▸ **Task brief**
When you write out the listing, keep each word exactly as it stands but include none of its images.

▸ **The data**
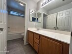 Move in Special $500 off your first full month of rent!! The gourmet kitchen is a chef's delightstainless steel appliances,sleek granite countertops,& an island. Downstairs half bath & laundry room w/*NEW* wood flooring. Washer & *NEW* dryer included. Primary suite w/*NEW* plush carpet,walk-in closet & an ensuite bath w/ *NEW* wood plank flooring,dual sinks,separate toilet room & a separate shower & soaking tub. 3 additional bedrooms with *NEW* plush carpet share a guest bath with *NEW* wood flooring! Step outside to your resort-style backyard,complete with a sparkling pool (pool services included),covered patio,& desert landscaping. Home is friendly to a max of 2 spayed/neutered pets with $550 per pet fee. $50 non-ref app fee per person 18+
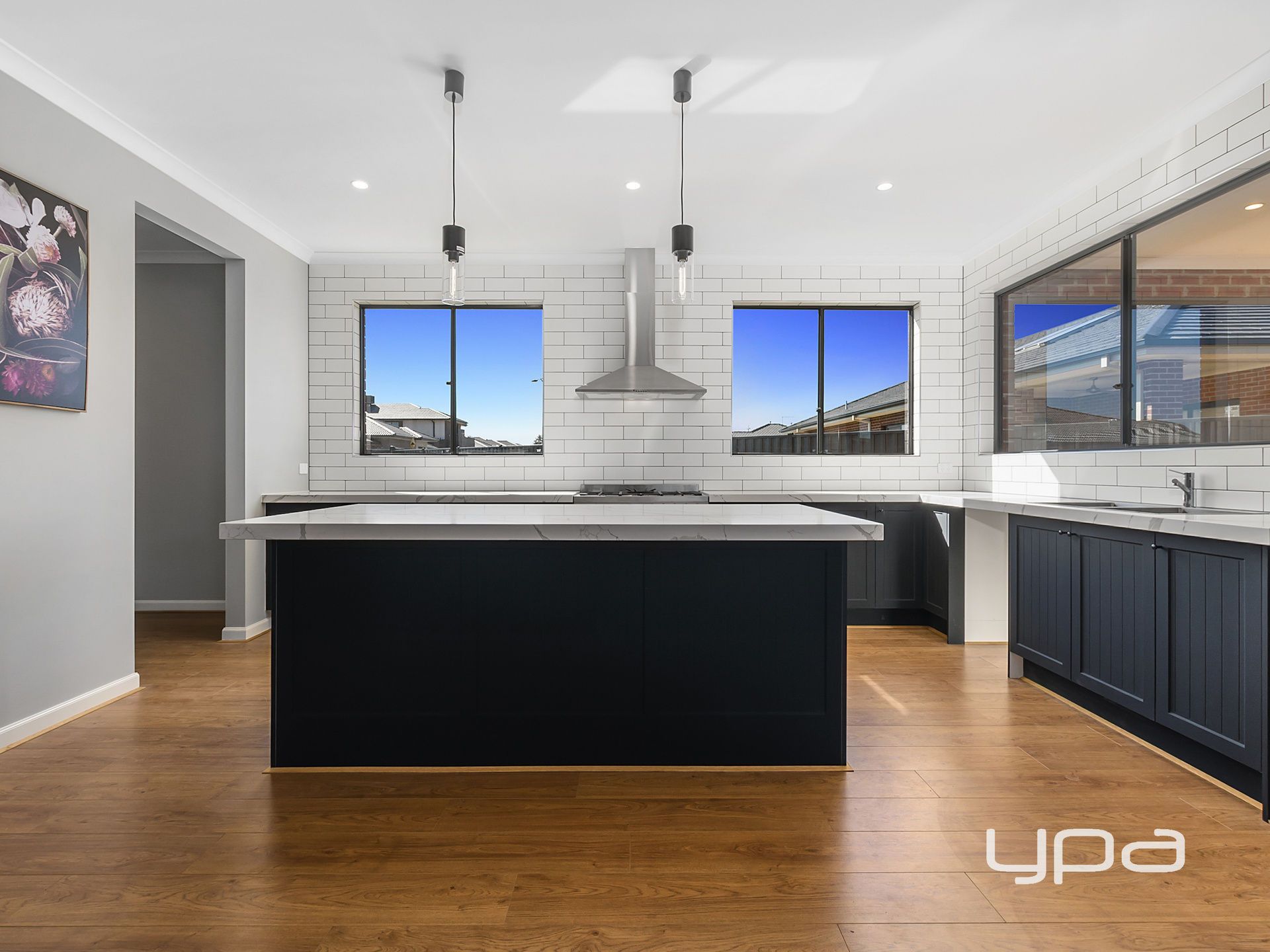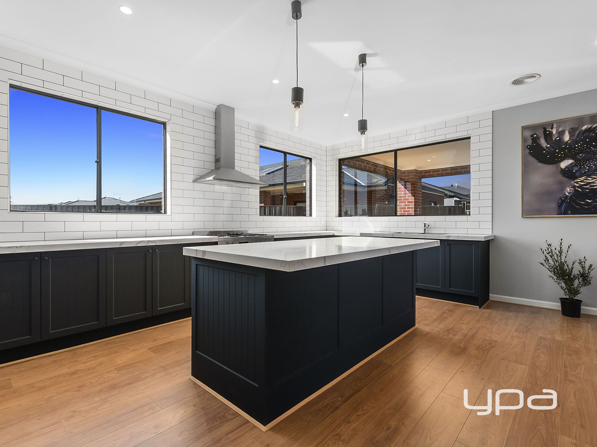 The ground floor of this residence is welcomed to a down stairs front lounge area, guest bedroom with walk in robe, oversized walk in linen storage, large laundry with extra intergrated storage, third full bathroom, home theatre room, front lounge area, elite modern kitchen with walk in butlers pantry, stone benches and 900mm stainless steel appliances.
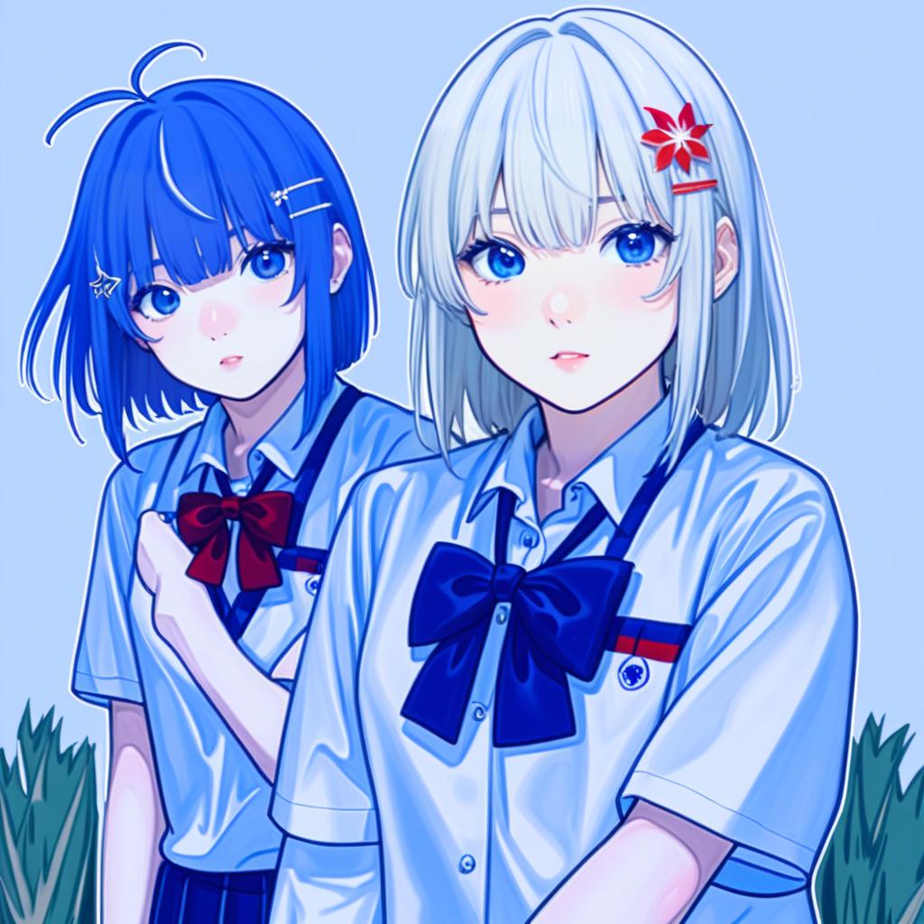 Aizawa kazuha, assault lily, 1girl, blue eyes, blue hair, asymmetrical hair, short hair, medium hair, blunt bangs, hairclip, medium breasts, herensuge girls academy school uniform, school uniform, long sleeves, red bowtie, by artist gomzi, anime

▸ **Written reply**
 Move in Special $500 off your first full month of rent!! The gourmet kitchen is a chef's delightstainless steel appliances,sleek granite countertops,& an island. Downstairs half bath & laundry room w/*NEW* wood flooring. Washer & *NEW* dryer included. Primary suite w/*NEW* plush carpet,walk-in closet & an ensuite bath w/ *NEW* wood plank flooring,dual sinks,separate toilet room & a separate shower & soaking tub. 3 additional bedrooms with *NEW* plush carpet share a guest bath with *NEW* wood flooring! Step outside to your resort-style backyard,complete with a sparkling pool (pool services included),covered patio,& desert landscaping. Home is friendly to a max of 2 spayed/neutered pets with $550 per pet fee. $50 non-ref app fee per person 18+
 The ground floor of this residence is welcomed to a down stairs front lounge area, guest bedroom with walk in robe, oversized walk in linen storage, large laundry with extra intergrated storage, third full bathroom, home theatre room, front lounge area, elite modern kitchen with walk in butlers pantry, stone benches and 900mm stainless steel appliances.
 Aizawa kazuha, assault lily, 1girl, blue eyes, blue hair, asymmetrical hair, short hair, medium hair, blunt bangs, hairclip, medium breasts, herensuge girls academy school uniform, school uniform, long sleeves, red bowtie, by artist gomzi, anime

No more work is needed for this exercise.